سلام و مرحبا


أقوم المسالك، مدوّنتكم لما وراء الأخبار السّياسيّة و كلّ ما يهمّ الشّأن العام.

Wednesday, October 10, 2012

Discourses on Freedom 1: Aging democracies

http://lifeexaminations.files.wordpress.com/2011/03/total-freedom.jpg

Freedom and human rights are ubiquitous themes in many contemporary societies. Humans have been very keen on writing and somehow enacting charters concerning human rights and basic "freedoms". Every regime that is considered a liberal democracy is based on a constitution guaranteeing these "inalienable" rights.
For many decades,possibly centuries, European revolutions have raged on to gain and establish the current model of state and of individual freedoms and human rights. The fundamental logic has been that there was situations of oppression deemed negative. Thus struggles had to be mounted in order to progress (the "progressive" kind of progress that is). If we take perfection to be unattainable though: Under these premises, there is no room for any feelings of contentment. That is to say there must be a continual struggle towards reaching ever increasing rights and freedoms. But that is clearly not the case.
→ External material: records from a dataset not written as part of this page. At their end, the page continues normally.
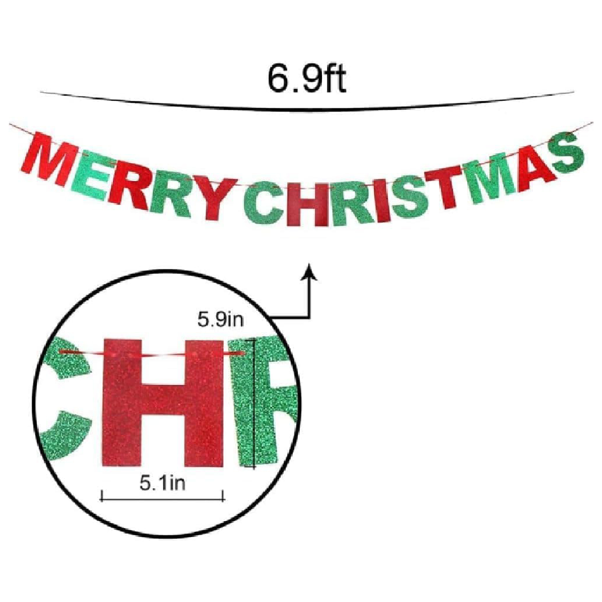 Bring festive charm to your home with this beautifully designed Merry Christmas Banner Garland Set, the perfect addition to your holiday décor. Featuring bold red and green glitter letters, this eye-catching banner stretches to a total length of 6.9 feet (approx. 2.1 meters), making it ideal for decorating walls, windows, balconies, fireplaces, party tables, or Christmas tree areas.
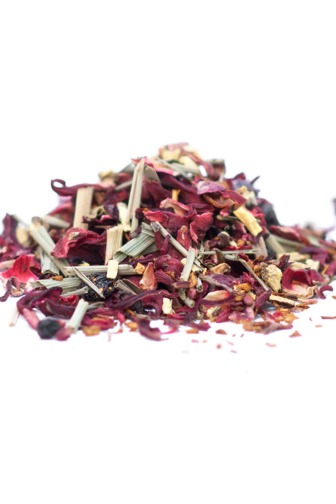 Crafted from: Organic Hibiscus, Rosehips, Black Currant, Cranberry, Blueberry, Elderberry, Organic Lemongrass, Organic Rooibos, Organic Licorice Root
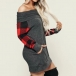 Plaid spliced design makes it look not so simple and dull,while the boat neck
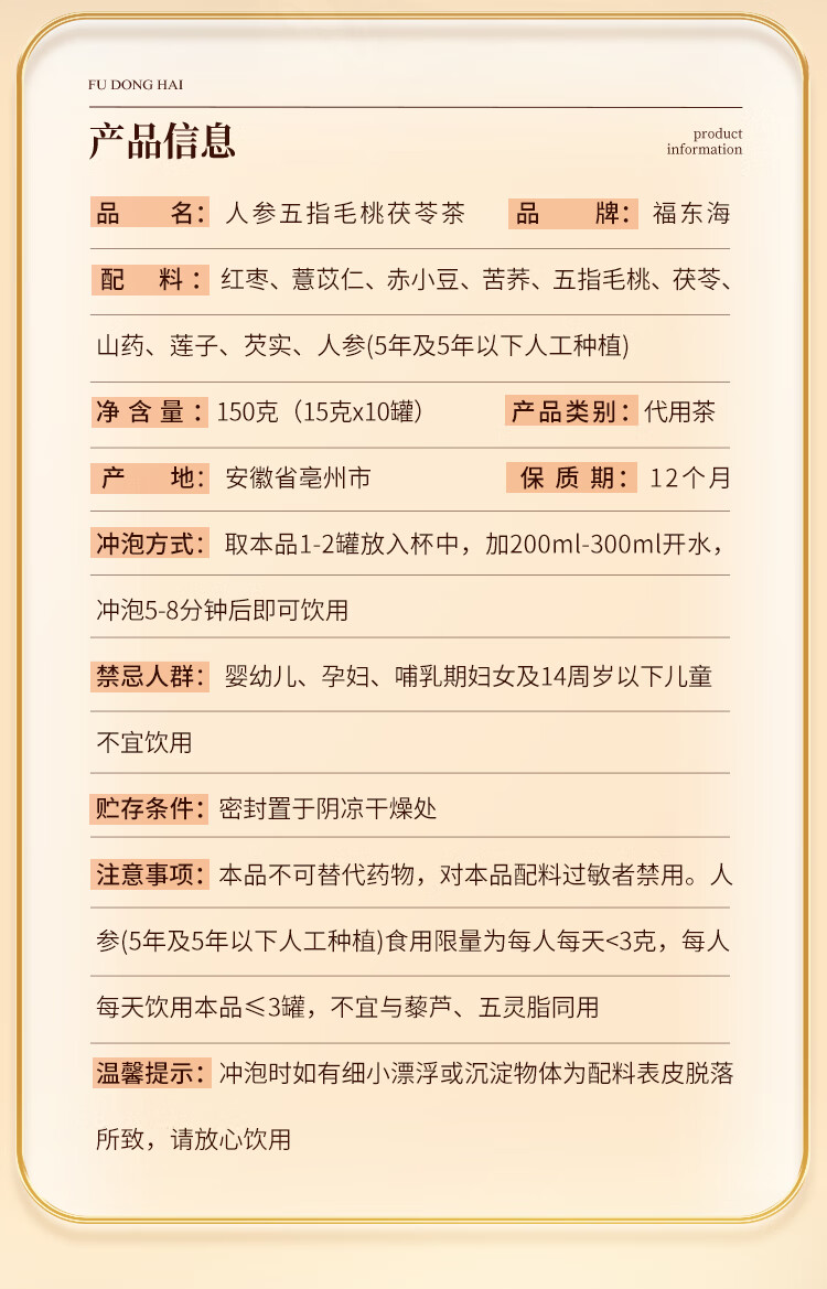 【福东海】人参五指毛桃茯苓茶150克/盒
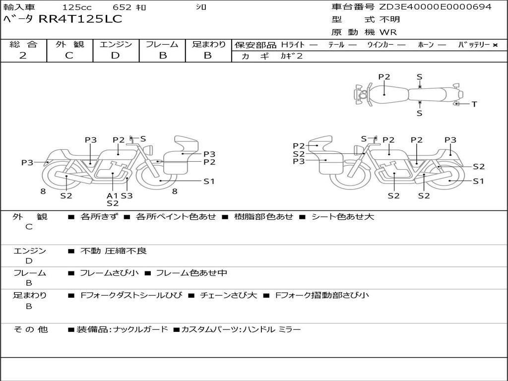 | Номер рамы / VIN | ZD3E40000E0000694 |
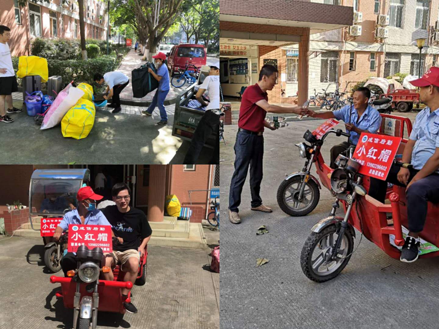 因本次寝室调整时间紧、任务重,又正值老生返校和新生入学前夕,为确保寝室搬迁工作安全、有序、顺利进行,后勤基建处在分管校领导的指导下,从物业管理服务中心、学生公寓管理服务中心临时抽调数名工作人员、24辆工作车临时组建后勤“小红帽”服务车队,免费助力学生们搬运物品。

One can easily see that there is a stagnation in the advancement of liberties.
A considerable number of homo-sapiens of this age consider our era to be the peak of personal freedoms and rights. We are fond of the Idea that we are the humans with most rights and freedoms in the history of the specie.
However, there might even be a substantial danger in the reliance on such Ideas: that of regression. The recourse to laws to limit religious manifestation especially for Muslim women is a vivid sign. The minarets ban in Switzerland is also another case of institutional breaches and abandonment of rights that existed before. Weather one agrees with these policies or not is irrelevant: the fact that there is rights that exited and that are taken away is of monumental significance.
In the midst of this political democratic "stagnation", new found democracies are attempting to build their own democratic institutions and constitutions. Namely in Egypt and in Tunisia. The consensus in the two nations is the adaption of classical democratic popular based political regimes. There might be attempts at some fixes here and there, but these remain adaptational rather than radical or new. Along with the democratic liberal model, the revolutionary nations are also going to acquire the flaws of the "aging" system... Because of this course, on the short and medium run, the Arab revolutions will not yield any immediate political advancements for humanity.
As a way of conclusion, considering this stagnation and aging phenomenons in our political systems is vital. For they need a constant state of alert and attention to preserve the benefits they have brought about already. As for the advancement and attainment of further benefits there is not yet a clear emerging vanguard new model. We can try to start envisioning that model but the priority is mostly for pumping new blood into our current, aging liberal democracies.